Dollar not what it once was

October 13, 2013

NEW YORK (Oct 13)  With the government poised to print an endless number of dollars, some history is in order, seldom do we get surprised in a bank. This past week was different. They handed me what looked like “funny money”.

It was the newly printed $100 bill. It instantly reminded me of our first skiing trip to the “Great White North”, and colored bills were currency in Canada. At that time, the “Loonie” was worth about 70 cents. However, a U.S. dollar bill could be bargained down to 50 or 60 cents Canadian in a restaurant, allowing more purchasing power.

Obviously, the Canadians wanted those $1 bills. A couple years later, the reason became clear. Each U.S. “Silver Certificate” was exchangeable for silver dimes, quarters, halves, and silver dollars at the U.S. Treasury. The underground currency market in Canada was alive.

Here in the states we were blissfully unaware. In geographic areas where mining was a significant factor in the economy, metals were more desirable than paper bills.

A few years earlier in Alaska, I discovered that their banks sent paper bills back to the Federal Reserve in San Francisco, and kept the silver dollars. It was interesting, but did not fully register.

In the late 1960’s the U.S. government began removing silver coins from circulation. Furthermore, the deadline when an individual could turn in the $1 “Silver Certificate” and receive silver in return had been set.

Circa early 1970’s, on a train to Chicago, a very classy lady boarded in Warsaw, Ind. We struck up a conversation, and she related that her trip was to the Chicago Federal Reserve Bank.
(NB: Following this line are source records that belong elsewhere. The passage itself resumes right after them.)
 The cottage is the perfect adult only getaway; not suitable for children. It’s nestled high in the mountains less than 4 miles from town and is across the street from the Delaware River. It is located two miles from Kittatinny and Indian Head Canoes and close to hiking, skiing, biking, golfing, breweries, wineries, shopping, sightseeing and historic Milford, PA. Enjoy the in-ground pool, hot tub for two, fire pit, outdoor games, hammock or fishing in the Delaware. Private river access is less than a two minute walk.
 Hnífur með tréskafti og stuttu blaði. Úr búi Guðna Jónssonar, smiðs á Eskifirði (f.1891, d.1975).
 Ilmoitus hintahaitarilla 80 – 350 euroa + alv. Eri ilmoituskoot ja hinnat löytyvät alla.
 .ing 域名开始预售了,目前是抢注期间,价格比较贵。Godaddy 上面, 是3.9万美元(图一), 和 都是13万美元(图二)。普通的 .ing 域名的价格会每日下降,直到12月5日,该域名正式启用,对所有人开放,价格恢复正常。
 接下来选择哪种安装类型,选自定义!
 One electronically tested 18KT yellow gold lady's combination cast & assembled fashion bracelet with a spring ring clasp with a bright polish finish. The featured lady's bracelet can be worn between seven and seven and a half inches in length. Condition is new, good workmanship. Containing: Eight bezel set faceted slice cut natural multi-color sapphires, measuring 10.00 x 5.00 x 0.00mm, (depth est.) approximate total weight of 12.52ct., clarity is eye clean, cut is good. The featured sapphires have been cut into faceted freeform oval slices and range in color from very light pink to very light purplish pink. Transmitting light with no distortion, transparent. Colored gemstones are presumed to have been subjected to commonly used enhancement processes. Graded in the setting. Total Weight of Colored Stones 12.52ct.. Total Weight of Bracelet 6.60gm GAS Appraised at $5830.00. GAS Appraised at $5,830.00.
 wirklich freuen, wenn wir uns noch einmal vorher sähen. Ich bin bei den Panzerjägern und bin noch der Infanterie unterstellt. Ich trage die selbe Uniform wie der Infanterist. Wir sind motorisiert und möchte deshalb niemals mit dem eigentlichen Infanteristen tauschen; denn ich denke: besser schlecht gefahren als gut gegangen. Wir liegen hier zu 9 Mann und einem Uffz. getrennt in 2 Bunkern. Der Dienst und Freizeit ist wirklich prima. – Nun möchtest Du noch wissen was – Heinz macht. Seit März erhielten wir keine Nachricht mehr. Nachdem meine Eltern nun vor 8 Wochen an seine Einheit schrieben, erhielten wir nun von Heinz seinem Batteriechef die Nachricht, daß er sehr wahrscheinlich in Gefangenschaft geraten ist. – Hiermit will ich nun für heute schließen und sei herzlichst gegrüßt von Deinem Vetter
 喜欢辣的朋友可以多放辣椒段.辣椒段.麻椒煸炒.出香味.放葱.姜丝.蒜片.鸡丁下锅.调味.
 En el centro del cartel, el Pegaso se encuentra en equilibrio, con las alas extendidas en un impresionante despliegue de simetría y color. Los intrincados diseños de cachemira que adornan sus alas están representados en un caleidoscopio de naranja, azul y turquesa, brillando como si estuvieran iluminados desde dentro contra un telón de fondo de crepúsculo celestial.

She was going to exchange her $1 Silver Certificates for 100-ounce bars of silver.

Another passenger related that he had gone to the local bank and taken rolls of coins. After removing the silver, he took the other coins back, and repeated the process. Before silver coins had finally disappeared from circulation, he had a cubic foot of silver coins.

In the early 1970’s, the silver dollar was worth $1.29. What is the silver dollar the train people had worth today? Over $16.

Gasoline was 20 to 25 cents a gallon then, or about four to five gallons per dollar. Today a dollar gets us to the next pump.